Congratulations to you all.

Kind of makes me want to move to the wonderful and picturesque town of Orillia, home of Stephen Leacock.

Globe and Mail on TBLP and the Leacock

Thursday, May 1st, 2008

As my wife Nancy and I were driving home yesterday from Orillia where the Leacock Medal luncheon was held, James Adams of the Globe and Mail called my cell phone.  We did a quick interview as I tried to drive down highway 400 while still floating off the ground.   Anyway, here’s the result:

Stay tuned.  I’ve been informed that the official Globe and Mail review of TBLP will run this Saturday (gulp).

The Leacock Medal… what a thrill…

Wednesday, April 30th, 2008

I’m at a loss for words. It’s been quite a day. Thank you all for your support throughout this little journey of mine.

Here’s the news release. Here’s the CBC story. And here’s some video from the actual event.

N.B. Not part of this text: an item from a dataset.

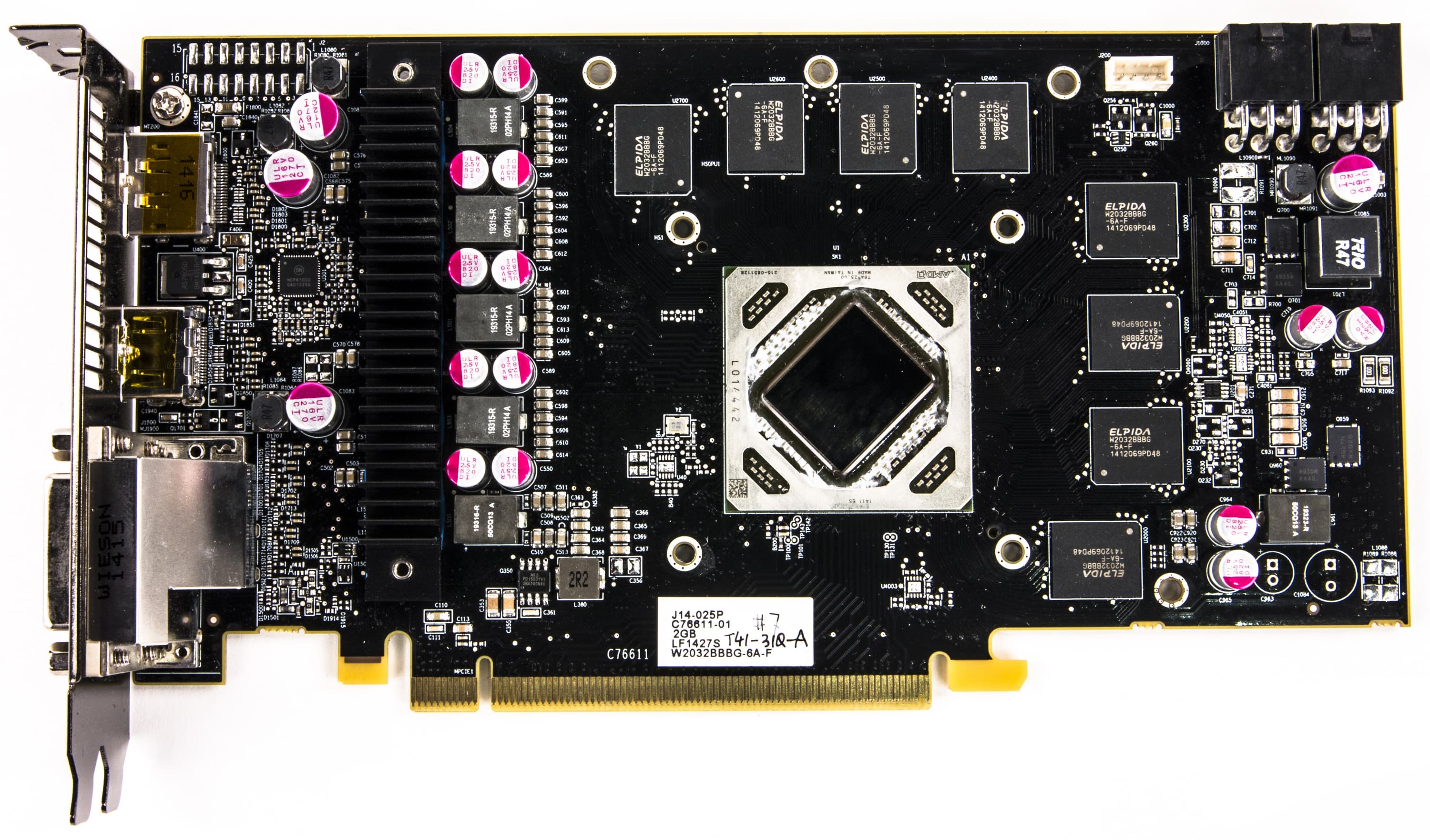 Картa имеeт 2048 МБ памяти GDDR5 SDRAM, размещенной в 8 микросхемах по 2 Гбит (на лицевой стороне PCB). Микросхемы памяти Elpida (GDDR5). Микросхемы рассчитаны на номинальную частоту работы в 1500 (6000) МГц. | ![]() |

There’s a whole weekend of celebrations in June. I’m starting to work on my speech already. Time for some sleep… if I can…

TBLP in the Toronto Star

Monday, April 28th, 2008

I’m sure my 15 minutes must soon be up. Because of the Leacock Medal shortlist, the Toronto Star ran a nice piece in the Sunday Star this past weekend. They even teased the story on the front page of the Entertainment section. I’d done the interview and photography last week. I’m amazed at how many people have e-mailed me in the wake of the article, including some who have said that they’ve ordered the book. Every little bit helps!